Novellenartig reizt er das Thema aus. Der Stoff, der zäh dahinfließt, der Altes begräbt und Neues entstehen lässt, um auch das wieder zu vernichten. Aus der Geschichte ein Verständnis für die Gegenwart entwickeln – der Zoohändler ist möglicherweise nur der literarische Vermittler für den Autor selbst. Und die zerstückelte, minimale Romanhandlung das Vehikel für historische Fragmente. Stavaric versucht, einen roten Faden zu finden. Bei dem Versuch bleibt es allerdings.
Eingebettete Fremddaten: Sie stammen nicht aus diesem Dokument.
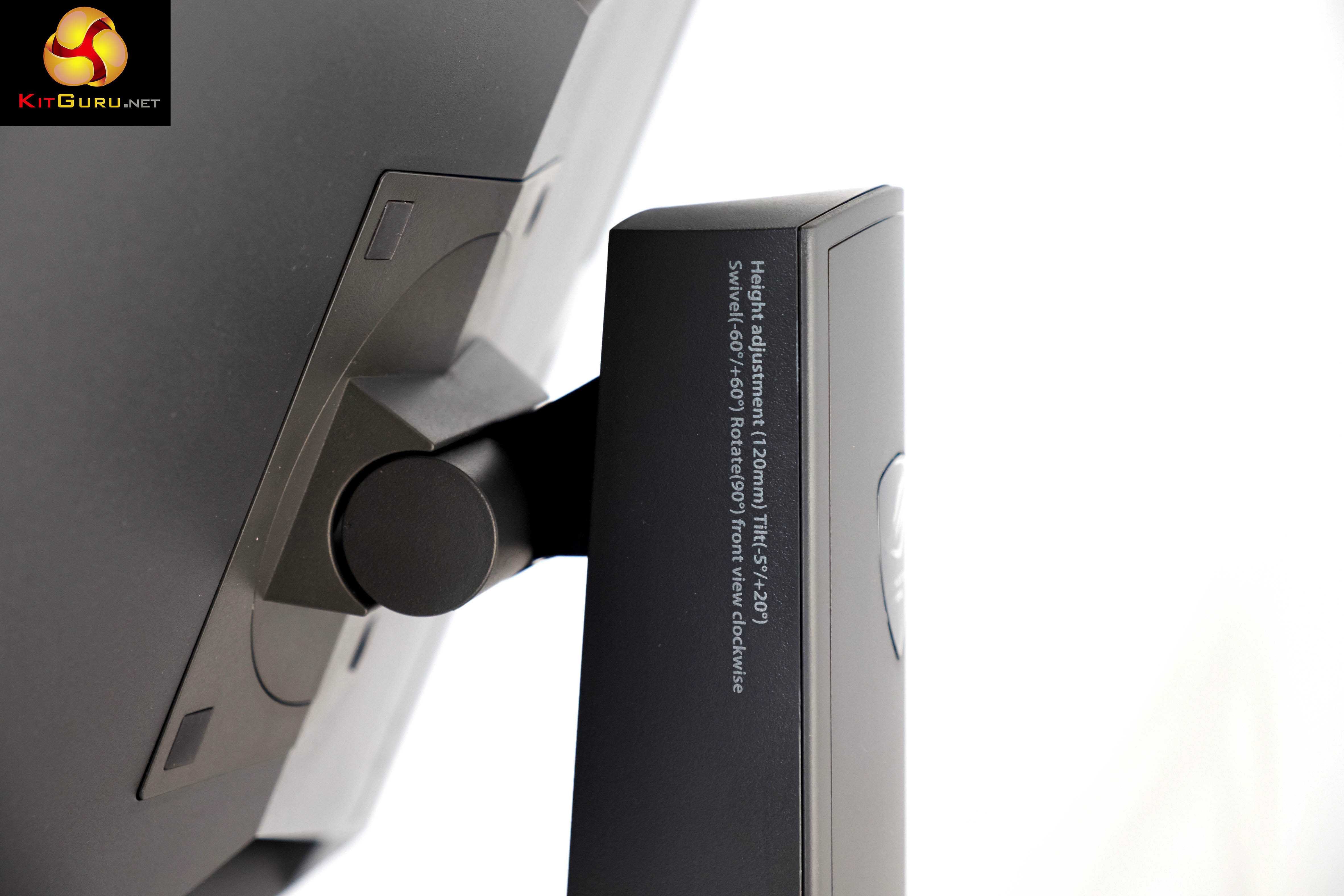 The sturdy stand deserves a little discussion. Height adjustment is possible – across a range of 120mm, by simply pulling or pushing up and down on the screen. It can be tilted (+20° ~ -5°), swiveled (+60° ~ -60°) and pivoted (90° clockwise).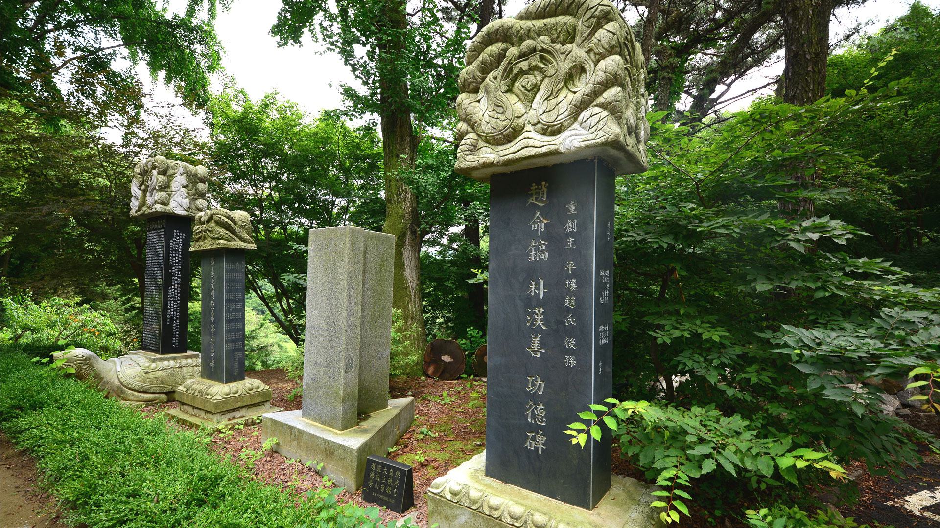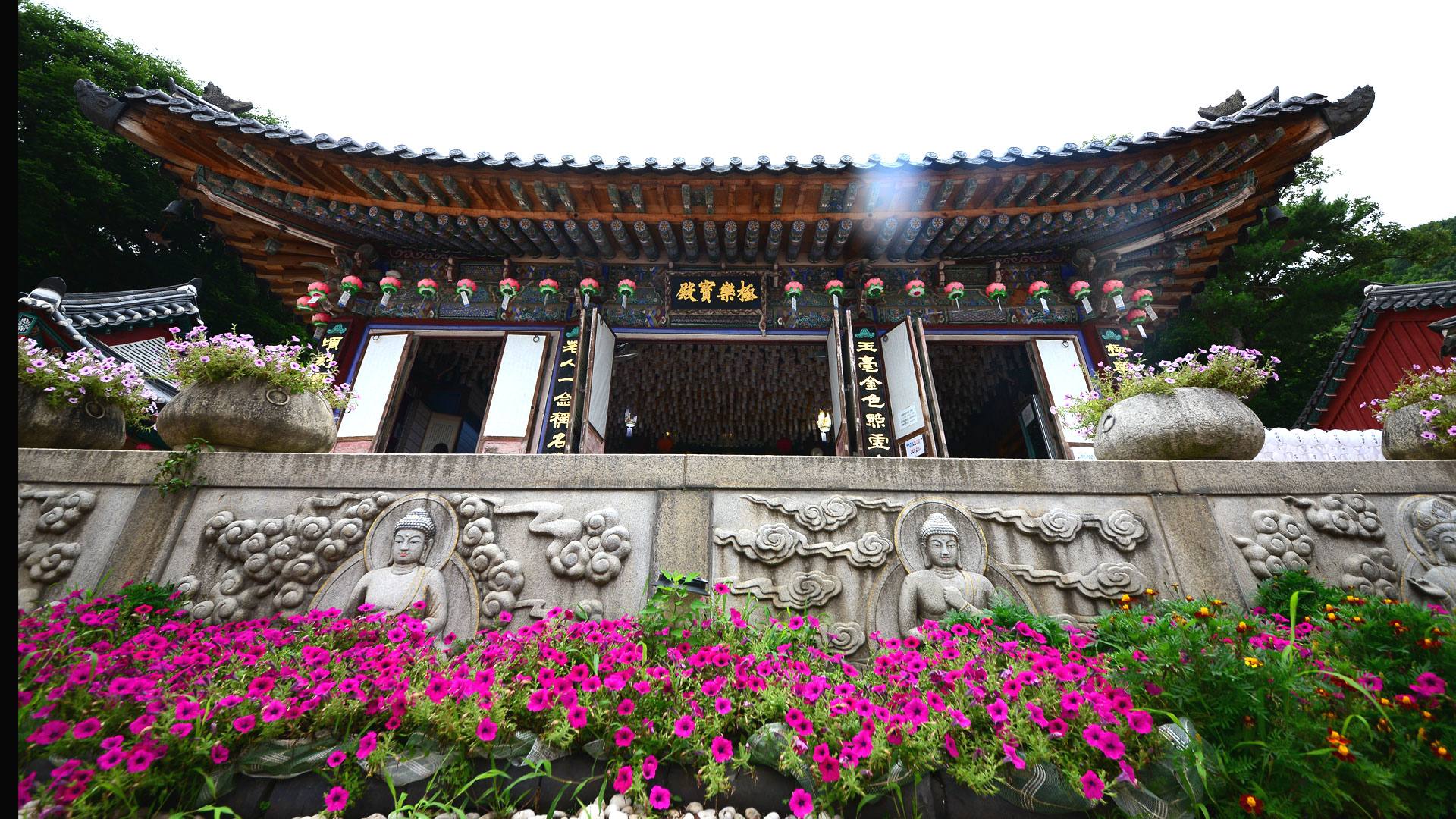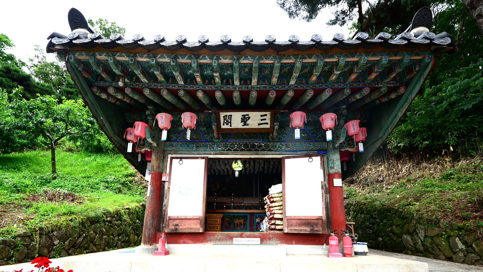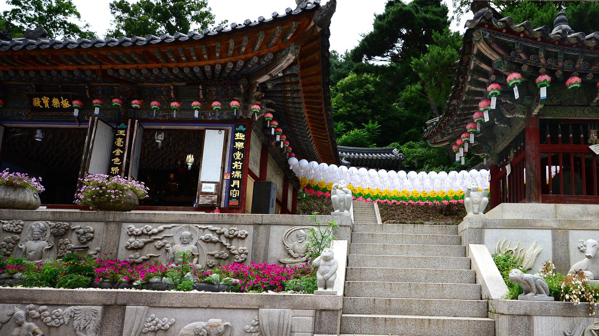 청게사는 일주문이 없고 진입 계단 좌 우에 석조 사천왕이 자리하고있다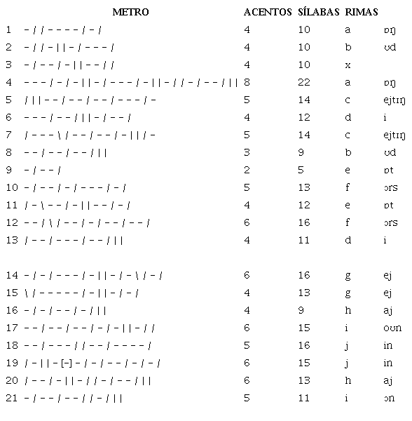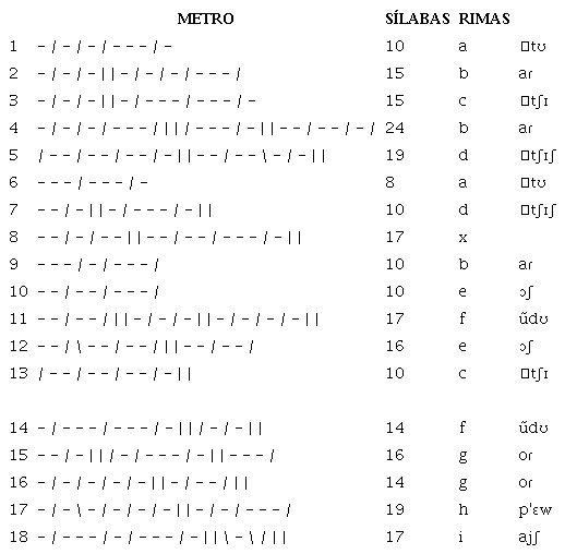 Na coluna principal, reproduzimos a escansão do poema, com a marcação dos acentos primários (/) e secundários (\) e das pausas sintáticas (| |) no interior de cada verso. Nas duas colunas seguintes, registramos, respectivamente, o número de acentos e de sílabas encontrados no verso em questão. Na próxima coluna, indicamos o esquema de rimas. Na última, representamos as sequências de fonemas que correspondem às rimas.

Auf der ersten Seite des Buches entsteht aus der trägen Lava durch Wasserkontakt eine "Insel". Von nun an entsteht Geschichte. Der Roman lässt erst spät Klarheit über Personen und Struktur aufkommen. Der Zoohändler und sein Goldhamster treten als Meister der nonverbalen Kommunikation in Erscheinung – das arme Tier muss ein wenig Licht in das Dunkel der Ansichten des Erzählers bringen. Die undurchsichtige Liebesbeziehung zu seiner lolitahaften Angestellten Zsuzsa lässt den Zoohändler-Mephisto lediglich zum Ende des Romans als alternden Möchtegern-Charmeur ein wenig menschlicher erscheinen.

Das Ziel bleibt vage, er wird müde, obwohl er "die Müdigkeit gar nicht spüren dürfte". Er will noch einmal die Welt antreiben, Zsusza soll ihm dabei helfen. Das Ganze wirkt wie ein Hilferuf eines Alternden, Sterbenden. Schlau wird der Leser nicht daraus.